→ Records shown

=== Section Start ===

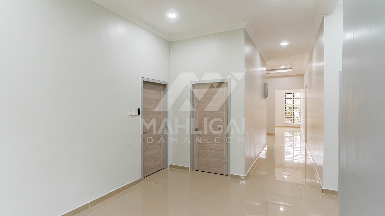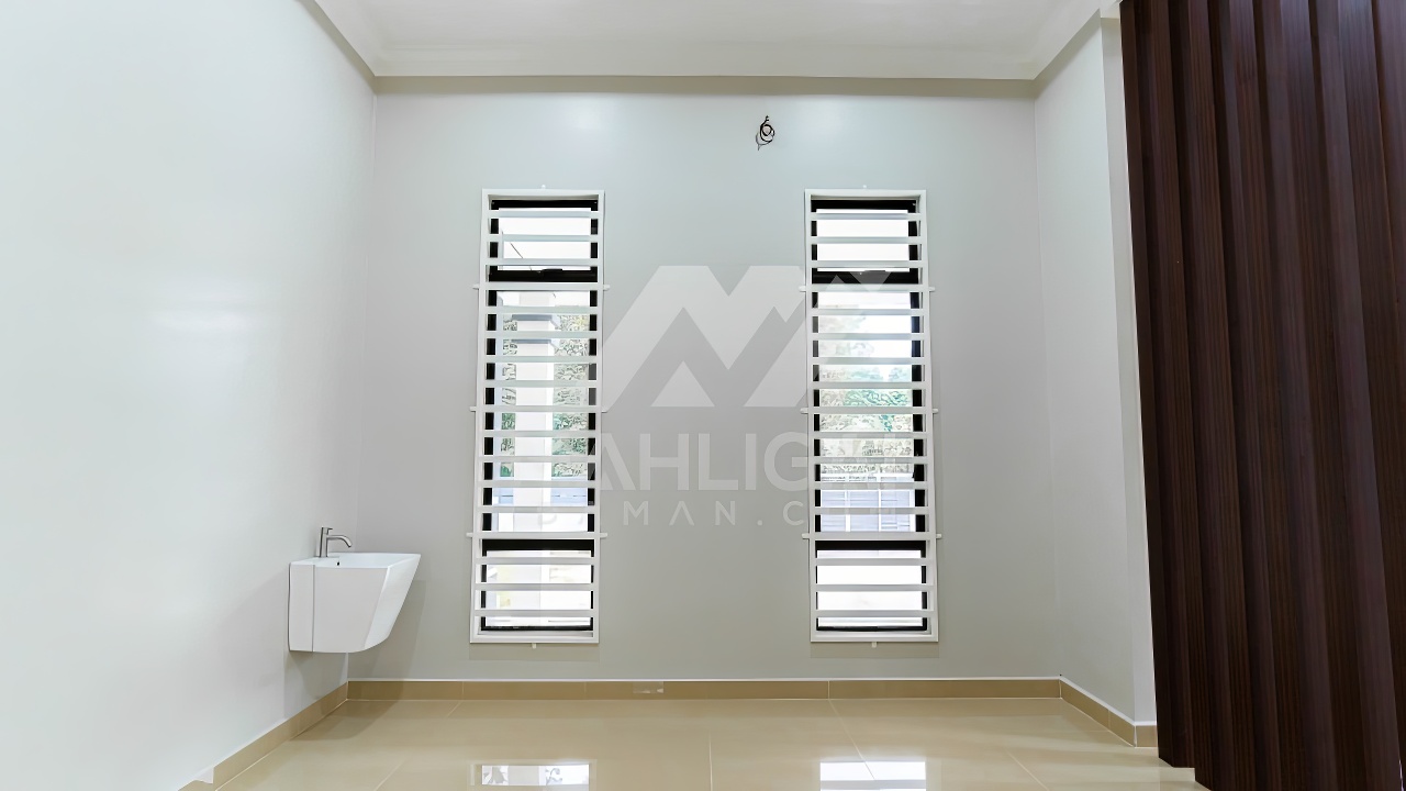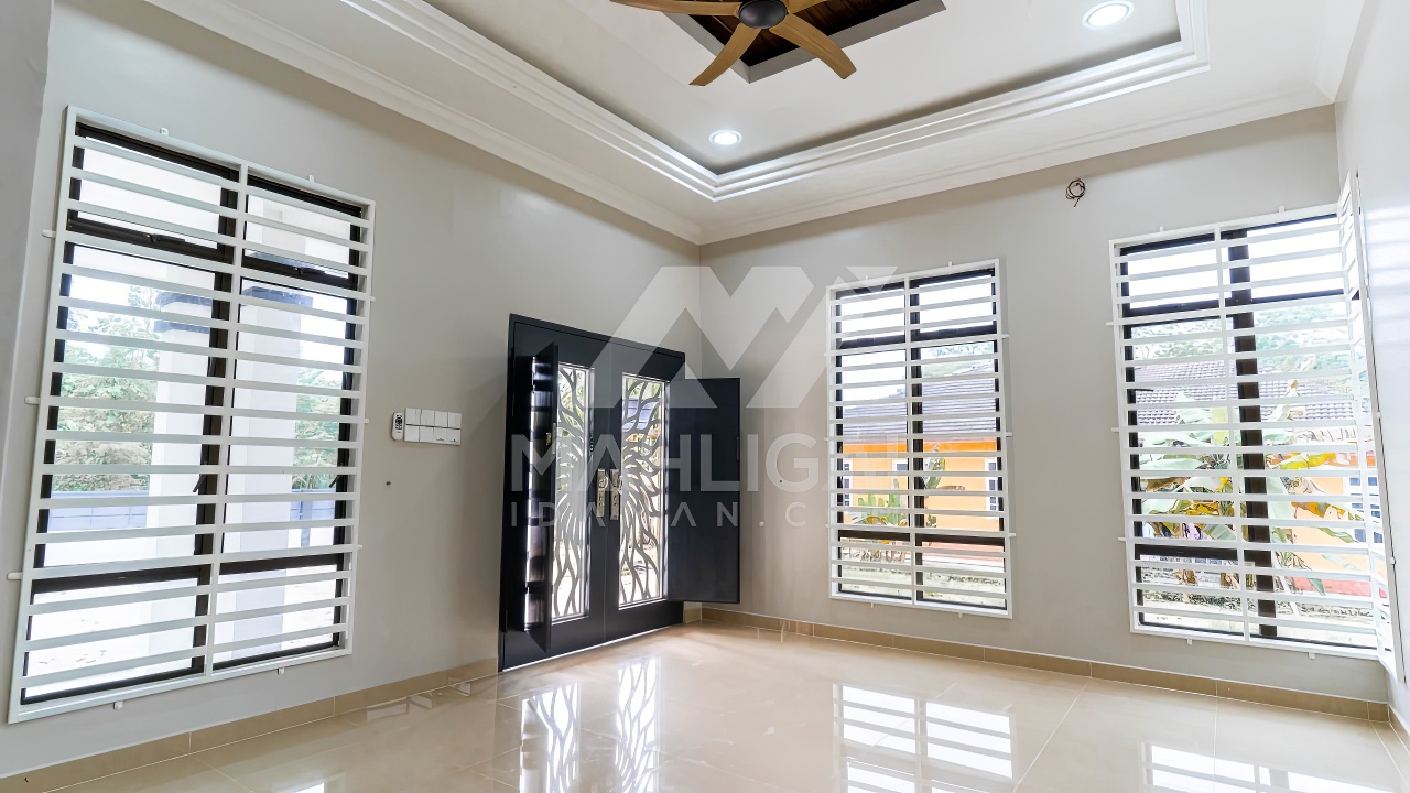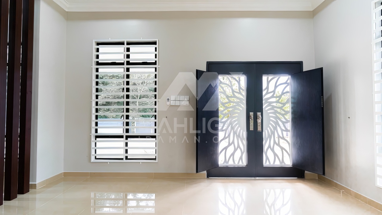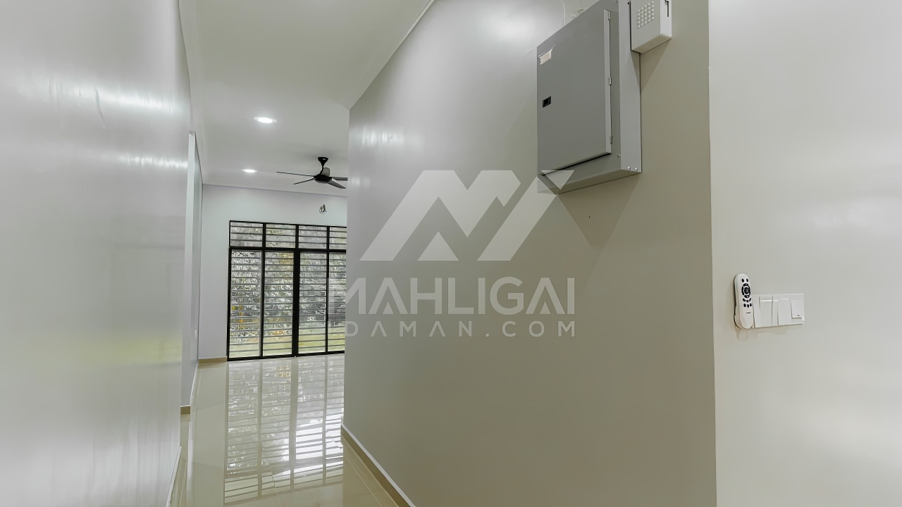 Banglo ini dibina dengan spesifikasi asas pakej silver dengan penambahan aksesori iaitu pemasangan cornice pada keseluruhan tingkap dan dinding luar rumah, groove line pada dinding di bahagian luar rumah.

=== Section End ===
=== Section Start ===

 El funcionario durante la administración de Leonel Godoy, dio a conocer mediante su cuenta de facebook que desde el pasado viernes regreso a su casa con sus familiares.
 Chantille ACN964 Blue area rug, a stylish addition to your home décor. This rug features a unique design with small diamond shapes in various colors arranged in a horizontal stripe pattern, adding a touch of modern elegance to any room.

=== Section End ===

→ Exercise prompt
Could you transcribe the entries above word for word, from the line with "El funcionario durante" down to the line with "Chantille ACN964 Blue", keeping both?

→ Solution for this problem
 El funcionario durante la administración de Leonel Godoy, dio a conocer mediante su cuenta de facebook que desde el pasado viernes regreso a su casa con sus familiares.
 Chantille ACN964 Blue area rug, a stylish addition to your home décor. This rug features a unique design with small diamond shapes in various colors arranged in a horizontal stripe pattern, adding a touch of modern elegance to any room.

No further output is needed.